Assim, Hector Benoit se livra de questões que incomodaram filósofos como Donald Davidson e historiadores da filosofia como Gregory Vlastos. Não há que se perguntar se Platão, em determinado momento, se tornou pouco platônico, se ele teria ou não abandonado a célebre Teoria da Formas. O fundamental é seguir em reconstrução do percurso inteiro de Sócrates, na obra de Platão. Lembro aqui desse livro exatamente porque ele é, pelo que sei até o momento, o maior antídoto que se pode ter contra a visão de um Sócrates cultivador de discípulos.

Aliás, é um tanto enigmático que Marilena Chauí tenha desconsiderado, ao falar da necessidade de discípulos e ao mesmo tempo da figura de Sócrates, o quanto que este, em A apologia de Sócrates, aparece como aquele que desautoriza pretensos discípulos. No tribunal, Sócrates diz que sua forma de filosofar às vezes ficava ao sabor da imitação de jovens. Ou seja, Sócrates jamais autorizou alguém a se intitular filósofo ou discípulo seu. Tentavam segui-lo, mas apenas imitavam, sem brilho.

O certo é que a ideia de ter discípulos, seguidores, aparece como um chiste contra Sócrates. É na peça de teatro de Aristófanes que Sócrates se apresenta cheio de discípulos, como se fosse um simples sofista, e defensor de doutrinas idiossincráticas, até mesmo loucas. Aristófanes nunca quis outra coisa senão tratar os filósofos como engraçados, como loucos. Em uma coisa ele estava certo: quanto mais discípulos, mais o mestre podia ser tido como maluco.

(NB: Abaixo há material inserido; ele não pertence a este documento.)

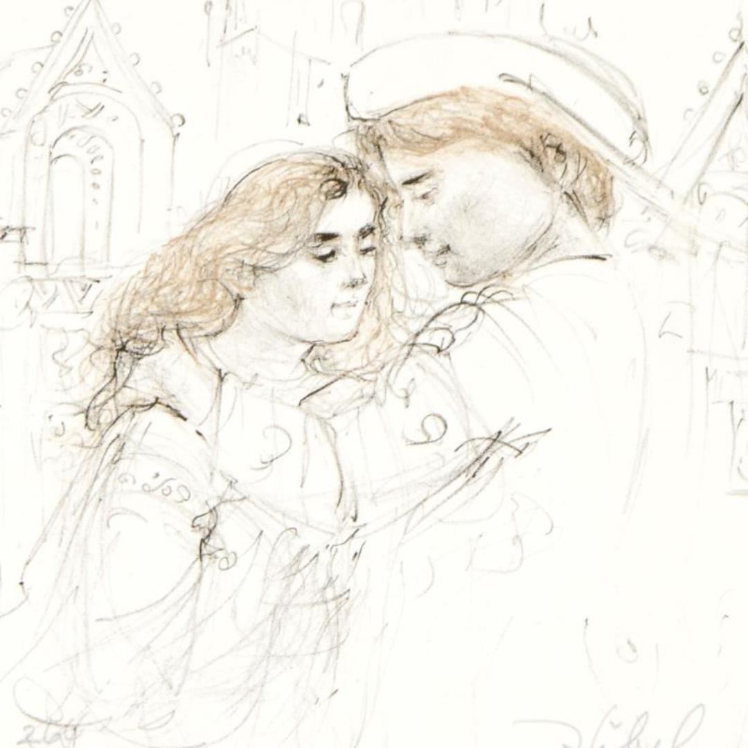 "Roberta and Roberto" is a limited edition lithograph on paper with remarque by Edna Hibel (1917-2014), numbered and hand signed by the artist. Includes Certificate of Authenticity. Measures approx. 5.5" x 8.5" (image).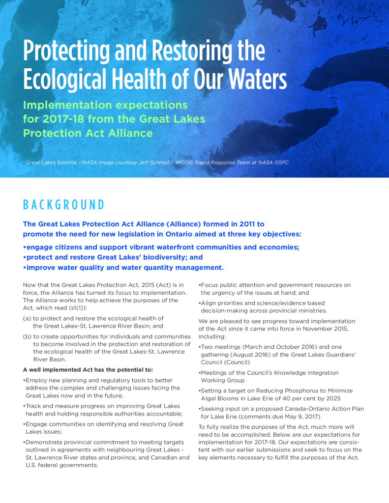 Protecting and Restoring the Ecological Health of Our Waters: Implementation expectations for 2017-18 from the Great Lakes Protection Act Alliance

*Paulo Ghiraldelli, filósofo, youtuber e escritor, é pós-doutor em Medicina Social pela UERJ. Autor, entre outros livros, de Capitalismo 4.0: sociedades e subjetividades (CEFA Editorial) [https://amzn.to/3HppANH].

Notas


[1] Filosofia, um modo de vida. São Paulo: Editora Planeta, 2025, p. 20.

[2] Dez lições sobre Sócrates (Petrópolis: Vozes, 2019) e Sócrates, pensador e educador (São Paulo: Cortez, 2015).

[3] Hector Benoit, A Odisseia de Platão. São Paulo: Anablume, 2017.